How Results Are Validated

The AI assistant is not a black box. Several layers of validation run automatically to catch mistakes before they reach your workflow:

  1. Schema validation — Every action the assistant takes (adding tools, creating wires, updating configuration) is validated against strict schemas. Malformed actions are rejected before they touch your workflow.

  2. Compiler checks — When building multi-step workflows, the compiler validates that all tool types exist, step IDs are unique, and connections reference valid tools and sockets.

  3. Column verification — The assistant is instructed to always check actual column metadata from your data before writing expressions or configuring tools. It does not invent column names.

  4. Config enrichment — Filter expressions, join keys, and summarize aggregations are normalized to match the format the execution engine expects, closing the gap between how an LLM describes an operation and how the system executes it.

  5. Iteration limits — The assistant has a configurable step limit (default: 25) to prevent runaway loops. If more steps are needed, you explicitly choose to continue.
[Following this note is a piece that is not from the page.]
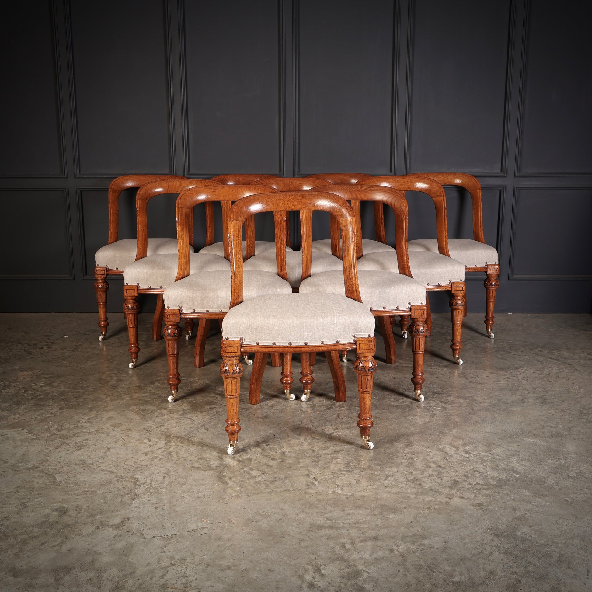 Magnificent Set of Ten Victorian Oak Dining Chairs

  6. Fully visible actions — Every tool call is displayed in the chat. You can see exactly what was added, changed, or removed and undo any action.
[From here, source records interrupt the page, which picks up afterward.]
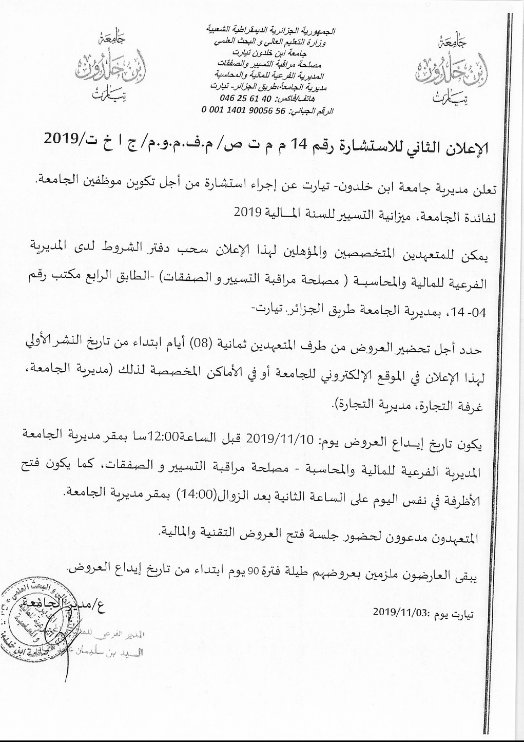 نشر في 03-11-2019من طرف دامين سمير المصلحة كلية الآداب و اللغات تعلن جامعة ابن خلدون بتيارت عن إعلان استشارة من أجل تكوين موظفي الجامعة ، لفائدة الجامعة ميزانية التسيير للسنة المالية 2019
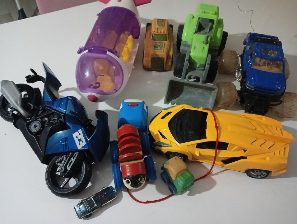 Helikopter, inşaat araçları, arabalar ve motosiklet içeren renkli oyuncak araç seti. Farklı boyutlar ve canlı renkler oyunu eğlenceli kılar.
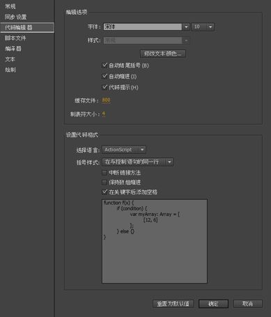 在“代码编辑器”选项卡中,可以设置让代码在 Flash 中如何显示。
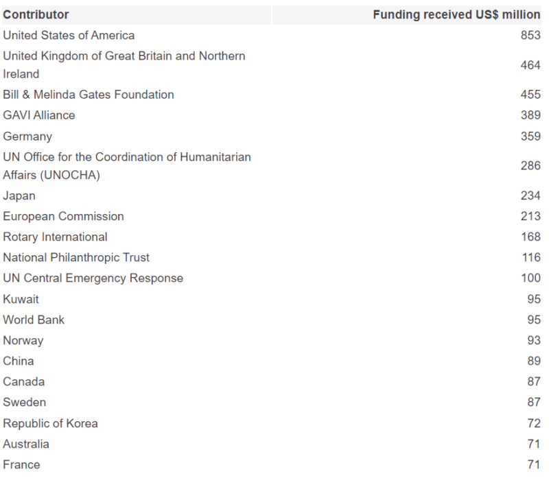 På siden ‘Top 20 contributors to the WHO for the 2018/2019 biennium‘ skriver WHO selv, hvem der har spyttet mest i kassen året inden covid-19 startede.

For more detail on the engineering approach, see the AI Development Philosophy in the Developer Guide.

Using the AI Tab

Click the AI tab in the left panel to open the chat interface. Type a message describing what you want, and the assistant will respond with actions and explanations.

Example Prompts

GoalPrompt
Start from scratch"Build a workflow that reads a CSV, filters rows where amount > 100, and writes the result to Parquet"
Add a step"Add a Formula tool that calculates total as price * quantity"
Understand a workflow"What does this workflow do?"
Fix an expression"The filter expression is failing — help me fix it"
Explore data"Show me the schema of the Input tool"

Tool Calls

When the assistant modifies your workflow it executes tool calls — discrete actions like adding a tool, creating a wire, or updating configuration. Each tool call is shown in the chat so you can see exactly what changed.

Continuing Long Tasks

Complex workflows may require multiple steps. If the assistant reaches its step limit, a Continue button appears so you can let it keep working.

Tips

  • Be specific about column names, file paths, and conditions for the best results.
  • You can ask follow-up questions — the assistant remembers the conversation context.
  • Review generated workflows before running them. The assistant may make assumptions about your data that are plausible but wrong. A workflow that runs without errors is not necessarily a workflow that produces correct results.
  • Use the Workflow tab to inspect the generated JSON or Python code at any time.
  • When in doubt, break complex requests into smaller steps and verify each one before moving on. A five-step conversation that you verify as you go is more reliable than a single prompt that builds everything at once.

Debug Mode

For advanced users, debug mode expands tool call details in the chat to show full arguments and results. Toggle it from the AI tab header.